Below are entries; repeat exactly, and nothing else, the lines from the one holding "Frensisca, Elia (2018)" through the one holding "1:23:22 | 2: Davide", inclusive. Leave the pictures out.

● Data to process:
+-------+

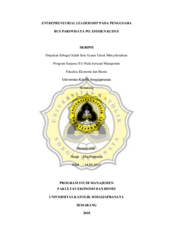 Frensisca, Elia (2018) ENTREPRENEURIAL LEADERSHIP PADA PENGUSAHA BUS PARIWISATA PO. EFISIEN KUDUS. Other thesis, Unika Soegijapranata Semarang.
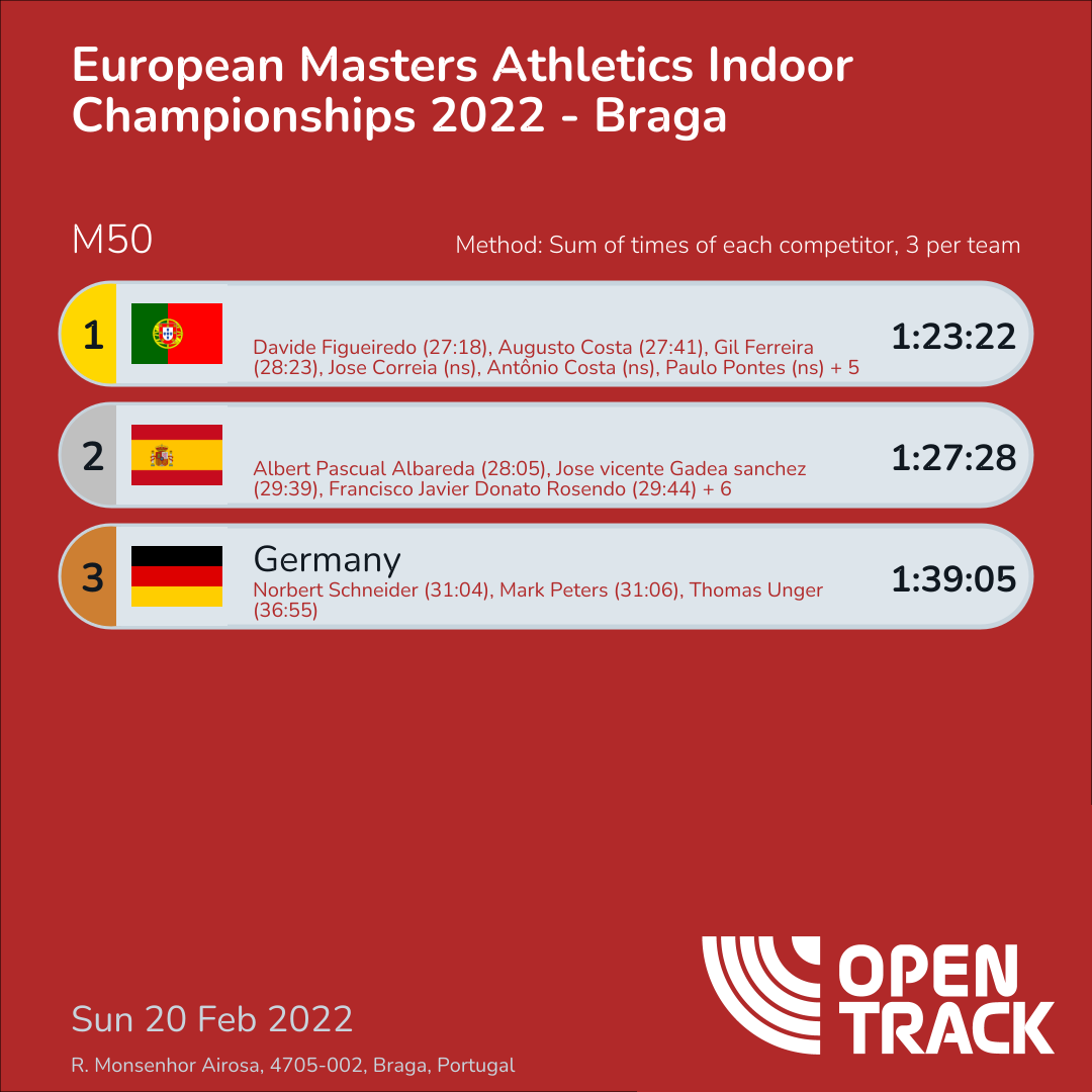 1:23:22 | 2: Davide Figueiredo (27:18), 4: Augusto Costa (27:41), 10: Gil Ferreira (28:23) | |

+-------+

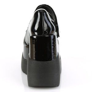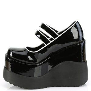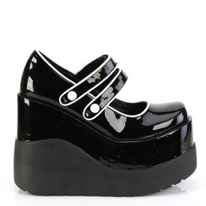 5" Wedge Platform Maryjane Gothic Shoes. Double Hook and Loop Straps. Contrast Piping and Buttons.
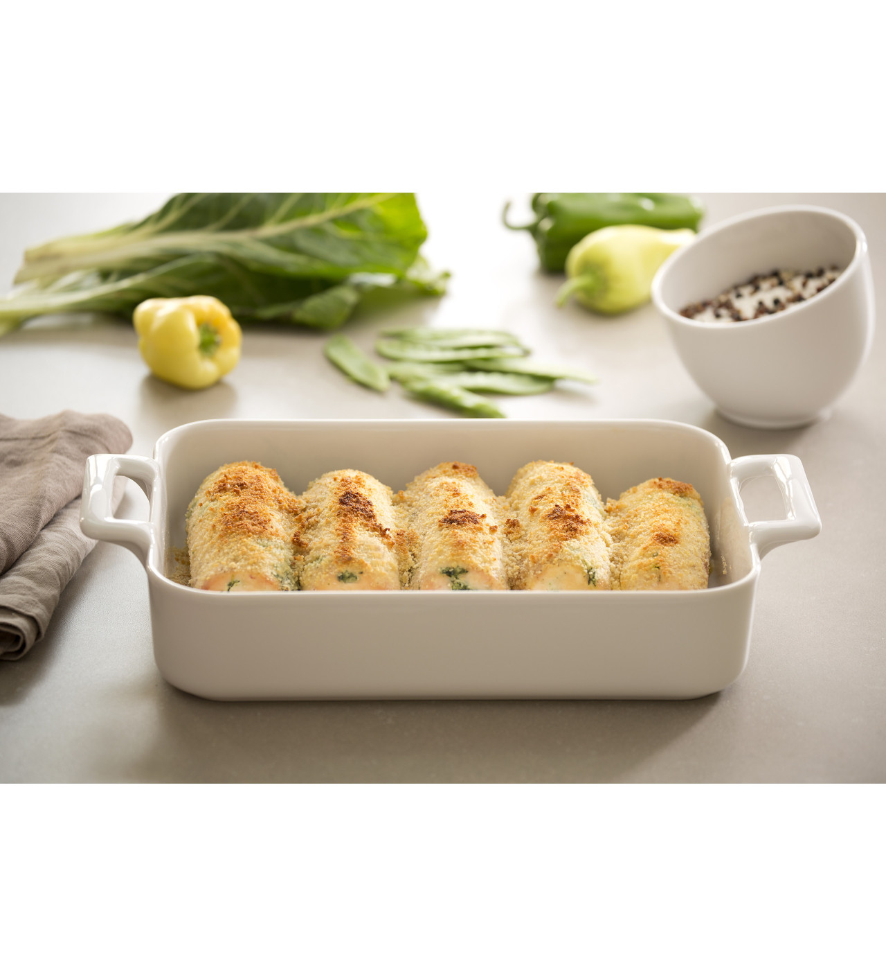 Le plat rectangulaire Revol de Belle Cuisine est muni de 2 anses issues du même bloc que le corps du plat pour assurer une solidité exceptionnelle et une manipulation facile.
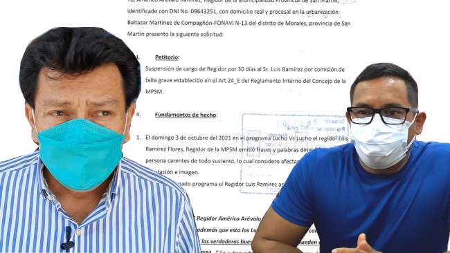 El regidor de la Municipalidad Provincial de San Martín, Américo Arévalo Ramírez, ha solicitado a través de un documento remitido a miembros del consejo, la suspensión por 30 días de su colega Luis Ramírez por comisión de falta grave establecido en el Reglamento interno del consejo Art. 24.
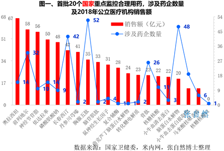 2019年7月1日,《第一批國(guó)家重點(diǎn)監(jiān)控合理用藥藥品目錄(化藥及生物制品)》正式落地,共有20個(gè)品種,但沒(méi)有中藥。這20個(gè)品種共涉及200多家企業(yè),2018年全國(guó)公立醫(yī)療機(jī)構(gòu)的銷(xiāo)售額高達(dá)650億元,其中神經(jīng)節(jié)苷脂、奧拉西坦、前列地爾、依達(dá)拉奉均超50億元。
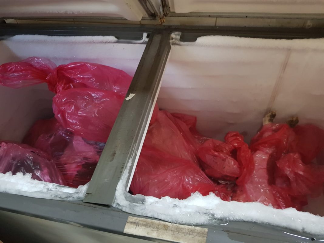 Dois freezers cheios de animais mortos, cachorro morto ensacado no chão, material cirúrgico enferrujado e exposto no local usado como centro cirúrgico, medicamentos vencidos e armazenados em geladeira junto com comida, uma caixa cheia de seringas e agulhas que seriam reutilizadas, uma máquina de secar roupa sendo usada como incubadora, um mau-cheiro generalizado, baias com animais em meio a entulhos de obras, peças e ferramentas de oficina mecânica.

+-------+

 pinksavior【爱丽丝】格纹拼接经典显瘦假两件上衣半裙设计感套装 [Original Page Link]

+-------+

● Exercise answer:
 Frensisca, Elia (2018) ENTREPRENEURIAL LEADERSHIP PADA PENGUSAHA BUS PARIWISATA PO. EFISIEN KUDUS. Other thesis, Unika Soegijapranata Semarang.
 1:23:22 | 2: Davide Figueiredo (27:18), 4: Augusto Costa (27:41), 10: Gil Ferreira (28:23) | |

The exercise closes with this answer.